Foto 1868 vanuit het noorden gezien met rechts Huize Schreurs in het midden en daarna de later gesloopte herberg en Hof van Holland, die eind 1800 plaatsmaakten voor de nonnenschool. Geheel rechts de deur naar de langgerekte gevel van het oorspronkelijke weeshuis.
Grote Kerkstraat met de Sint-Martinuskerk circa 1900
Huize Schreurs
Zuidkant Grote Kerkstraat; tot de rode streep zijn de panden aan west- en oostzijde gesloopt. Het grote gebouw links is de school van de Zusters van de Liefde dat op de plaats kwam van het Hof van Holland en een herberg.

De Grote Kerkstraat (oude naam "Kerckstraet") is een van de oudste straten in de binnenstad van Venlo. De straat loopt in noordelijke richting, van de vijfsprong met de Parade, Begijnengang, Gasthuisstraat en Jorisstraat, tot aan de splitsing Kleine Kerkstraat/Sint-Martinusstraat. De straat werd vermoedelijk aangelegd in het verlengde van de Gasthuisstraat, om een looproute te creëren tussen Klein Italië en de Grote Kerk.

De straat werd aanvankelijk Kerkstraat genoemd in een van de oudste charters van de Inventaris van het Armbestuur in 1366. Destijds was er dus nog geen Grote en Kleine Kerkstraat. Aangezien al in het jaar 1000 een Grote Kerk in Venlo lag, is het zeker dat er ook een weg of straat aan heeft gelegen. De Grote Kerkstraat zou dus ook uit die tijd kunnen stammen.

De straat werd aan de noordzijde vanaf 1480 van de Sint-Martinusstraat gescheiden door een 90 meter hoge Stadstoren. Deze werd gebruikt voor militaire doeleinden, met bovenop een wachthuisje om in tijd van oorlog de vijand te kunnen lokaliseren. In 1766 werd deze toren, vanwege de slechte staat waarin hij verkeerde, afgebroken. De oostelijke pilaar werd wel nog in het portaal van de Grote of Sint-Martinuskerk geïntegreerd.

Wanneer de naam werd veranderd is niet helemaal duidelijk. Wel is de naam al veranderd in 1652, als Joan Blaeu een plattegrond maakt van de vestingstad.

De gevelrij aan de zuidwestzijde is na de oorlog doorbroken voor de aanleg van de Sint-Jorisstraat, waarbij ook een groot pand op de plaats van de gesloopte panden is neergezet. Ook aan de zuidoostzijde is een gevelrij gesloopt en vervangen door nieuwbouw. In deze straat ligt daarom nog maar een klein aantal monumentale gebouwen, die hierna genoemd worden. Behalve de kerk zijn de bekendste van deze gebouwen het Ald Weishoès en Huize Schreurs.
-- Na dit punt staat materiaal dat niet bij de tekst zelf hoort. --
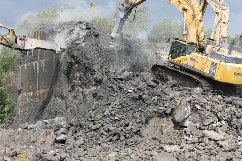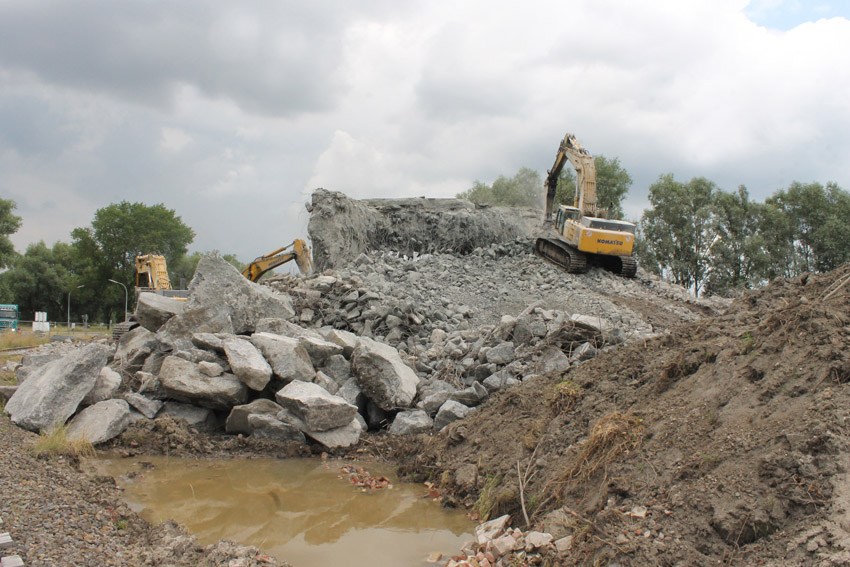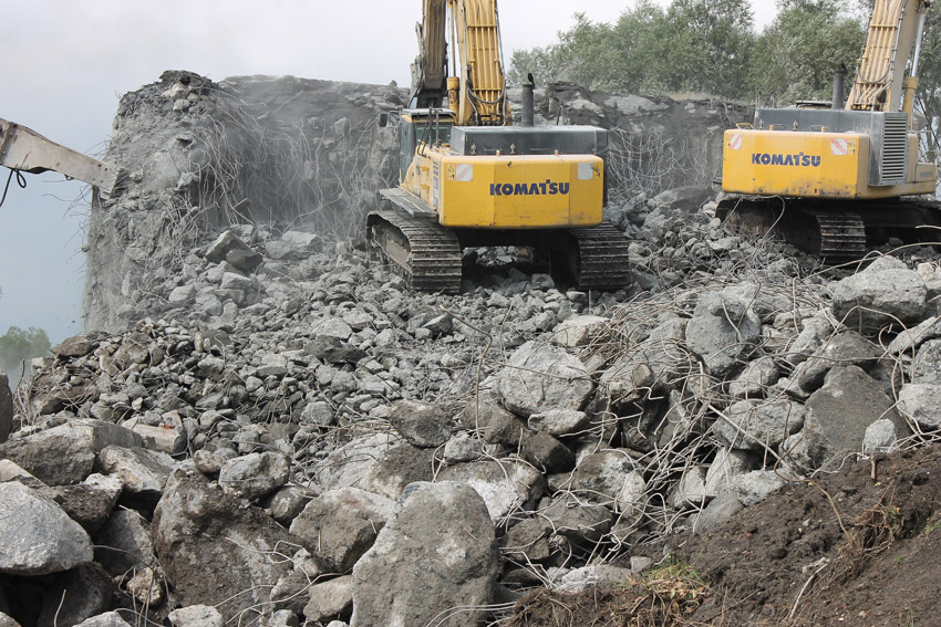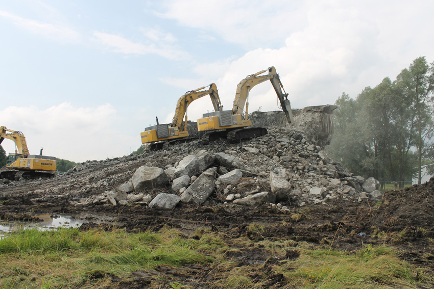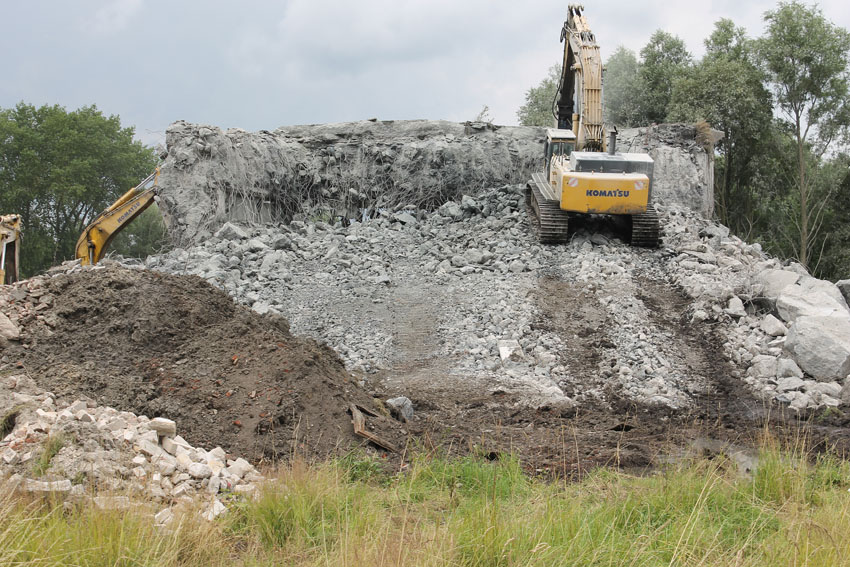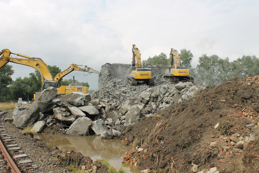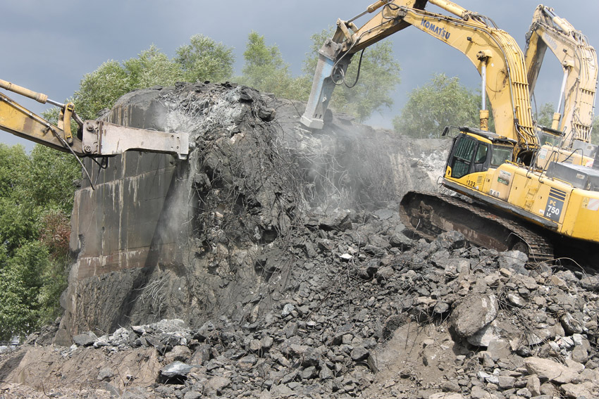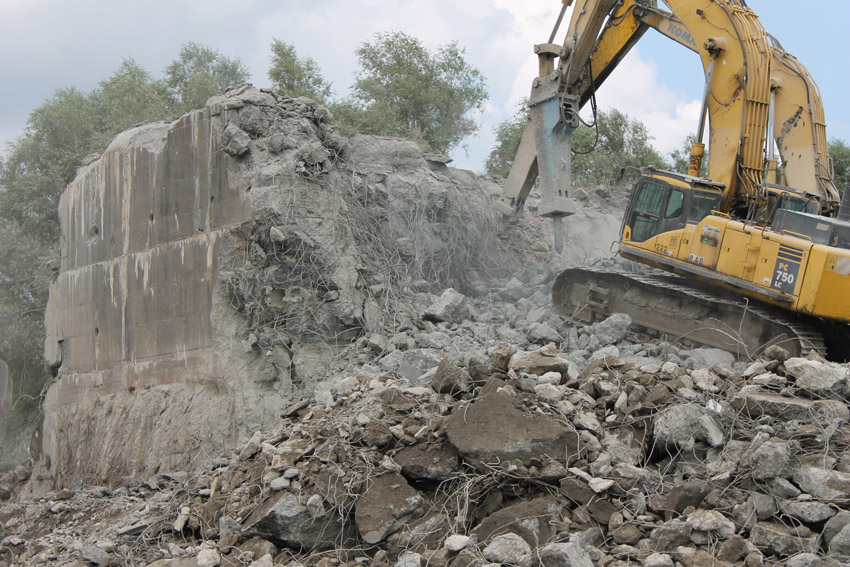 Abrisstag 27: Der Ost-T 750 wurde nach Norden hin nun großteilig durchbrochen. Zwischen Abschlussdecke und OG1 klafft jetzt im OG2 ein gewaltiges Loch. Während im Bereich T 750 West, der mittlerweile lediglich einen überdimensionalen Schutthaufen darstellt, die Brechmaschine unermüdlich den Beton zerkleinert, sind die letzten Tage des T 750 Ost angebrochen, der nun zusehends immer mehr an Struktur verliert...

Oorspronkelijk stond aan deze westelijke gesloopte gevelrij het "Hof van Holland" (ook wel "Statenhuis" genoemd) als vergaderhuis en kantoor van de Hollandse heren uit Den Haag, die Venlo kwamen controleren toen het Staats was geworden. Het gebouw met de noordelijk daarnaast gelegen herberg "In den gouden Berg" is eind 1800 gesloopt voor de bouw van een groot pand in de toen moderne neo-gotische stijl als schoolgebouw van de Zusters van Liefde. Dit pand is eveneens gesloopt.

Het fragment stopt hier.